La nueva ciencia, para empezar, tendrá dos facetas diferenciadas: reconstrucción y viejas vergüenzas al descubierto; arreglar lo estropeado en estos ocho años y entrar por fin en esos temas que de no ser por la involuntaria colaboración de la administración Bush hubiéramos podido seguir ignorando durante unas cuantas décadas más.
Comencemos por la primera función, sin duda la más aparente, pero no necesariamente, como veremos más adelante, la más extensa. La reconstrucción será la del humanismo europeo, incluyendo los progresos aportados al mismo por la república americana desde su creación a finales del siglo XVIII. Paso primero: construcción por destrucción, adición por sustracción; es decir, hacer desaparecer, a ser posible con pompa y circunstancia, insultos a la inteligencia y decencia colectiva como Guantánamo, las torturas legales (que esta contradicción en términos se haya convertido en aceptada ya debiera mostrarnos lo equivocado de nuestro camino); la subcontratación de torturas a países con menos escrúpulos legales (como si con prácticas de este tipo a EE.UU. demostrara tener muchos), o esos interrogatorios creativos, tales como la privación de sueño del interrogado, cuya denominación, como aquella contabilidad creativa de Enron que llevo a la ruina a miles de pequeños accionistas, utiliza las palabras para esconder la realidad. Exactamente la función contraria a la que, por definición, debieran tener las palabras. ¿Definición de quién? ¡De todos aquellos que al lavarse las manos no lo hacen con una cuchilla a la que han decidido llamar jabón y que no se afeitan con una pastilla perfumada de formas romas a la que han llamado cuchilla! Las palabras se pueden usar para desinformar, pero sólo sirven para informar. Así que dejemos de llamar a las torturas interrogatorios creativos…

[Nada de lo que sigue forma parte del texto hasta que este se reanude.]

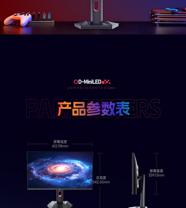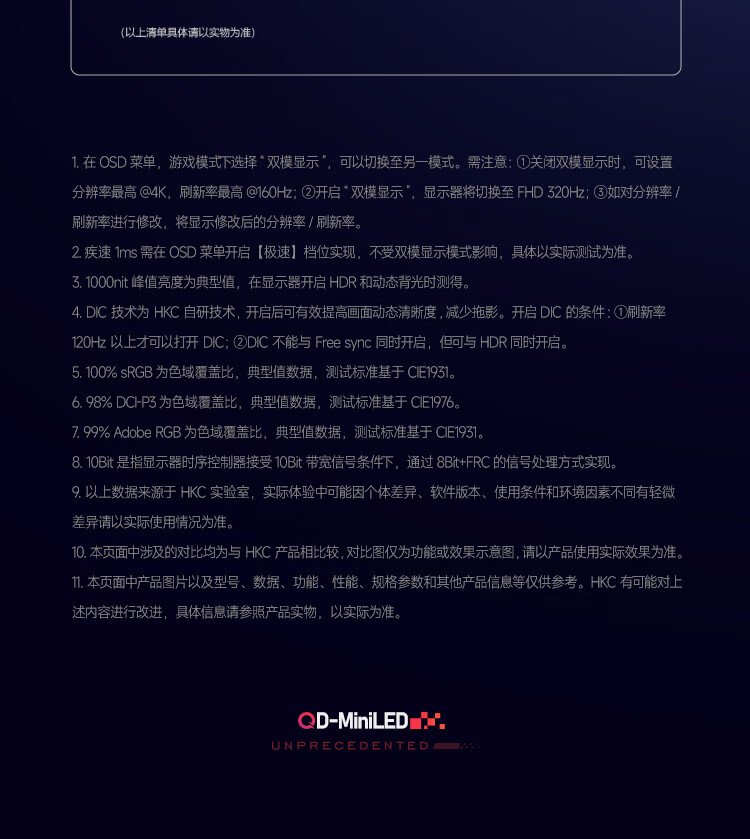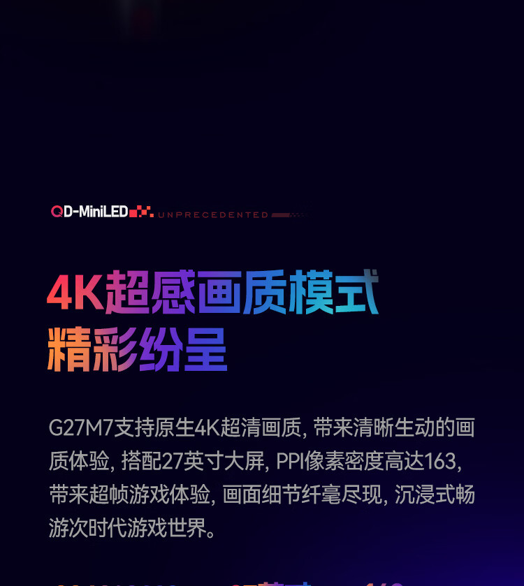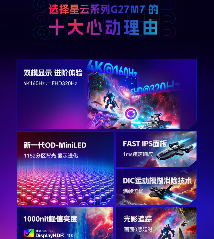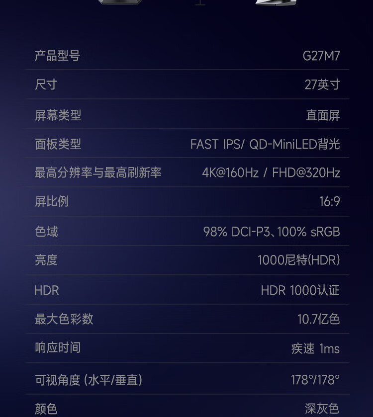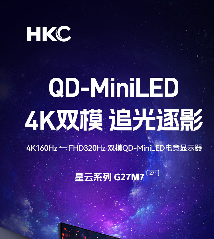 HKC 27英寸4K超清160Hz双模320Hz MiniLED背光QD量子点HDR1000旋转升降HDMI2.1游戏电竞显示器 G27M7
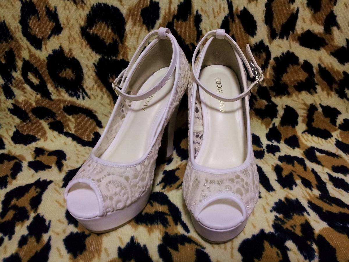 > 中古 ハイヒール パンプス AVAIL MODE 白 23cm~24cm サイズM ピンヒール ヒール高さ約13cm 格安お買い得 状態良好 少しだけ傷み汚れあり
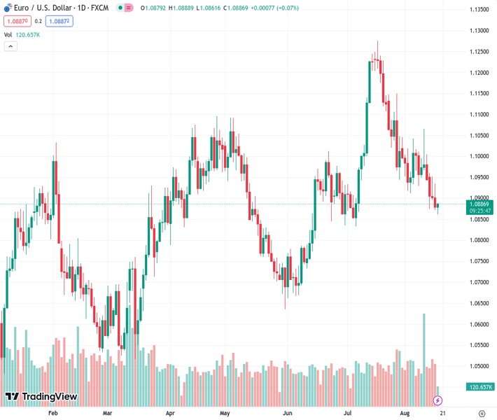 Scotiabank suggests that the EUR/USD pair would only show short-term strength if it surpasses the level of 1.0950, as observed currently at 1.08848.
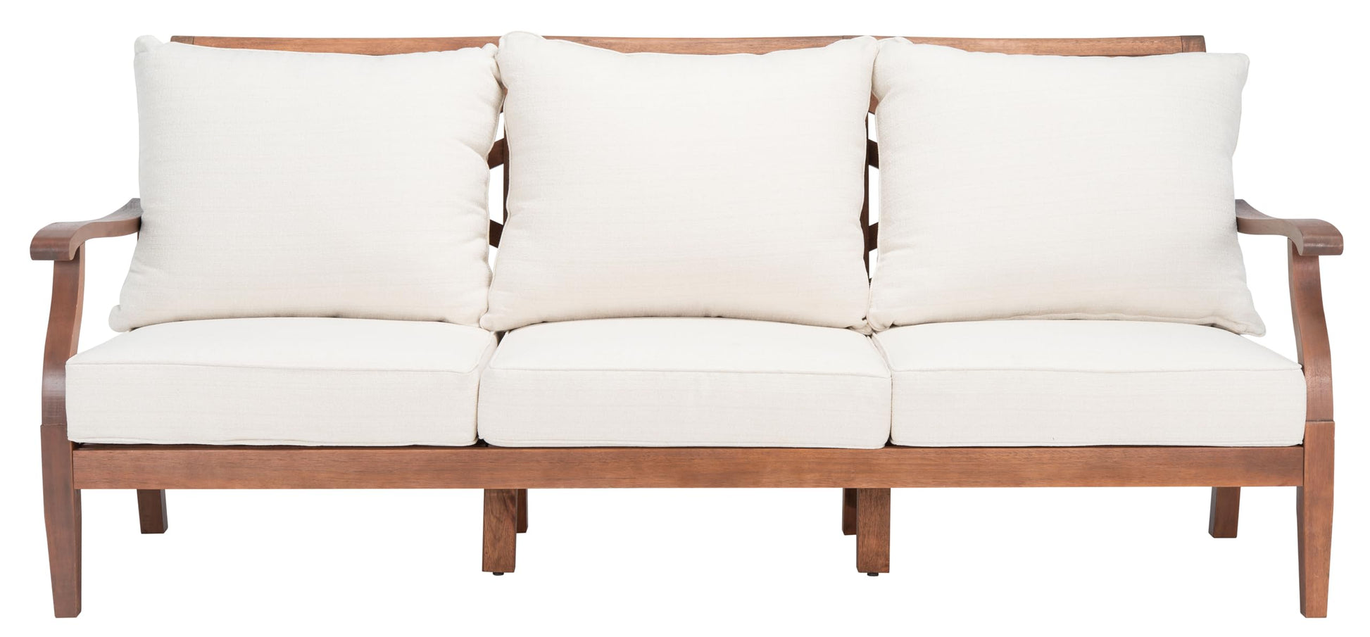 - [COUTURE CHIC DESIGNER DETAILS]: Add a couture chic touch of style to your home with this comfortable and inviting 3-seat sofa; Features plush beige upholstery, chic natural brown finish, and beautiful cross back details; Pair with a coffee table and accent chair from SAFAVIEH's Payden Collection
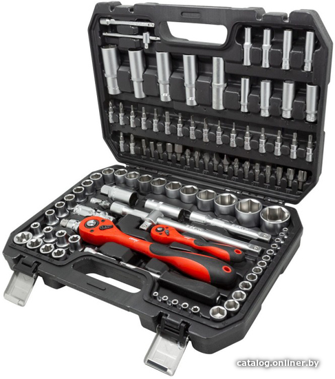 | Комплектация | Посадочный квадрат:1/2,1/4.Тип головок: 6 гранные, Е-профиль, короткие,глубокие.Комплектация: головки 1/4короткие:4, 4.5, 5, 5.5, 6-14 мм; головки 1/4глубокие: 6,7,8,9,10,1113 мм; головки 1/4Е-профиль короткие :Е4- Е8; головки-биты 1/4HEX:3- 6 мм; головки-биты 1/4TORX: T8,T10,T15,T20,T25,Т27,T30; головки-биты 1/4SL: 4, 5.5, 6,5; головки-биты 1/4РН : РН.1,РН.2; головки-биты 1/4PZ: PZ1,PZ2;трещотка 1/4; рукоятка 1/4; вороток Т-образный 1/4; удлинители 1/450,100 мм; кардан шарнирный 1/4; биты 5/16HEX :7,8,10,12,14 мм; бита 5/16TORX:Т40,Т45,Т50,Т55,Т60;бита 5/16SL :8,10,12;биты 5/16PH: PH.3,PH.4; биты 5/16PZ: PZ.3,PZ.4;головки1/2короткие :10,11,12,13,14,15,16,17,18,19,20,21,22, 24,27,30,32мм;головки 1/2глубокие: 14,15,17,19,22 мм; головки1/2Е-профиль короткие: Е10,Е11,Е12,Е14,Е16,Е18,Е20,Е24; головки свечные 1/2: 16, 21 мм; трещотка 1/2удлинители 1/2: 125, 250 мм; кардан шарнирный 1/2, адаптер 3/8(F)x1/2(M), битодержатель, ключи Г-обр. 6-гранные :1.5,2,2,5. |
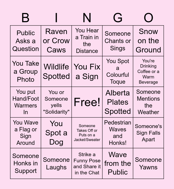 This bingo card has a free space and 24 words: Someone Honks in Support, You Spot a Dog, You Fix a Sign, Wave from the Public, Snow on the Ground, Public Asks a Question, Raven or Crow Caws, You Hear a Train in the Distance, Alberta Plates Spotted, Someone Mentions the Weather, You put Hand/Foot Warmers In, Wildlife Spotted, Pedestrian Waves and Honks!, Someone's Sign Falls Apart, You Take a Group Photo, Someone Laughs, Strike a Funny Pose and Share it in the Chat, Someone Chants or Sings, You're Drinking Coffee or a Warm Beverage, You Wave a Flag or Sign Around, You or Someone yells "Solidarity", Someone Takes Off or Puts on a Jacket/Sweater, You Spot a Colourful Toque and Someone Yawns.
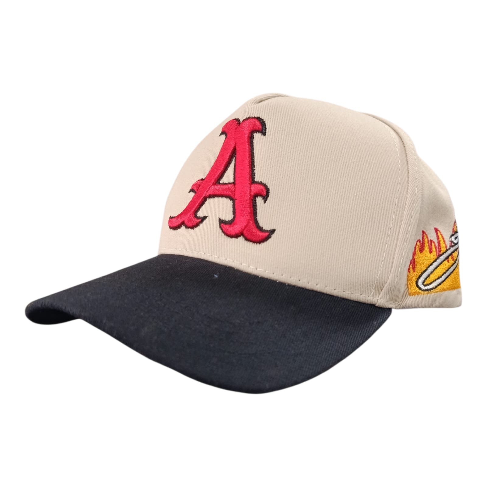 GORRA BEIGE/NEGRO LETRA A ROJA
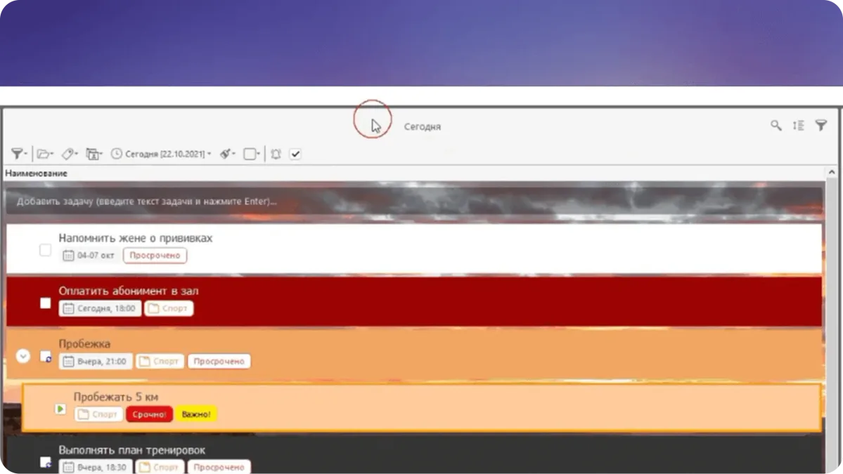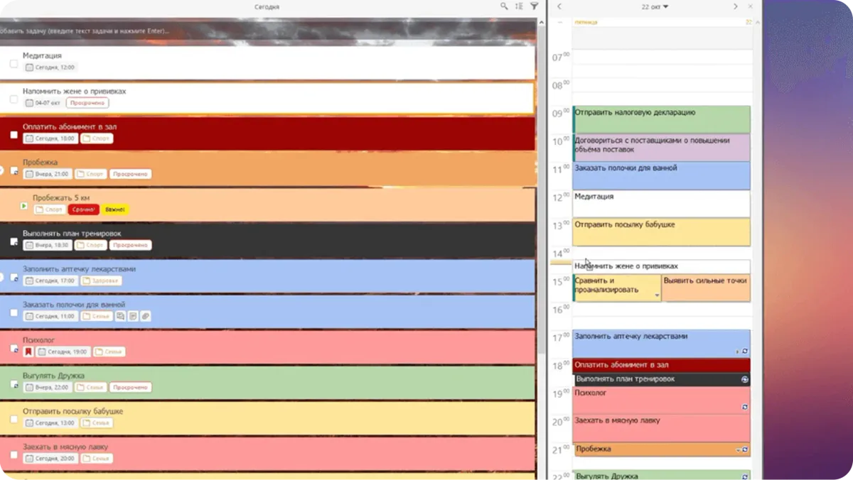 Допустим, нам нужны важные задачи на сегодня лилового цвета. Выбираем метку, день и цвет.
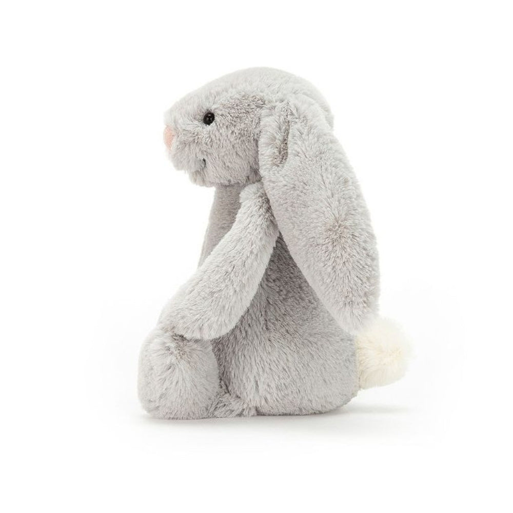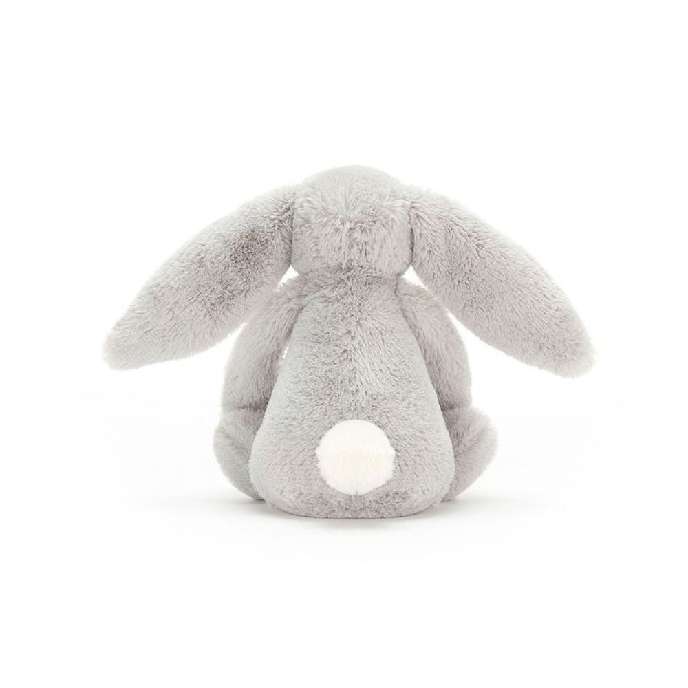 Den grå 18 cm kaninmaskoten från Jellycat är inte bara ett gosigt gosedjur, utan utstrålar också ömhet och charm.

Resultado del análisis preliminar: la reconstrucción del mundo anterior a Bush va a ser una ingente obra de esa misma ingeniería política de la que los neocons y Bush decían huir y que terminaron practicando con la pasión del converso.
El segundo elemento de la Postbushonía, tal vez el más importante, es la gran cantidad de vergüenzas que la administración Bush ha dejado al descubierto. El gobierno de W. Bush ha sido a la sociedad internacional lo que el huracán Katrina fue a la administración Bush: las infraestructuras eran insuficientes antes del huracán y lo eran antes de Bush; él no creó las vergüenzas de la sociedad internacional, simplemente las ha dejado al descubierto, y será culpa de todos si dejamos que una rama de olivo del estilo de Obama o la simple desaparición de W. vuelvan a taparlas. Así que, lo que son las cosas, Bush es un Socrates a su pesar, un apuntador de verdades. Como Socrates, Bush ha puesto las bases para que sus interlocutores encuentren la verdad. De hecho ha ido más lejos y con su incompetencia las ha puesto también para que no sigamos perdiéndola.
La verdad es que sólo con juegos de palabras podremos juzgar de forma positiva a esta catástrofe natural; esta plaga bíblica que sospecho que el antiguo testamento hubiera tenido el buen gusto de hacer durar siete años y que la democracia, siempre generosa, ha hecho durar uno más. No es sólo el tiempo perdido: teniendo en cuenta el que cada uno de nosotros pierde en concursos, culebrones y eventos deportivos varios, éste parece ser lo de menos. Los seres humanos a los que se ha dejado de alimentar; el progreso en todos los continentes que se ha dejado de llevar a cabo; con ser todo ésto importante, las abstracciones del bien no realizado palidecen al ser comparadas con la desestabilización quirúrgica de regiones enteras y de todo lo que es digno en nuestro ordenamiento jurídico internacional. El bien no hecho entra dentro del negociado de la torpeza, pero desgraciadamente Bush ha sido mucho más y mucho menos que un mal presidente.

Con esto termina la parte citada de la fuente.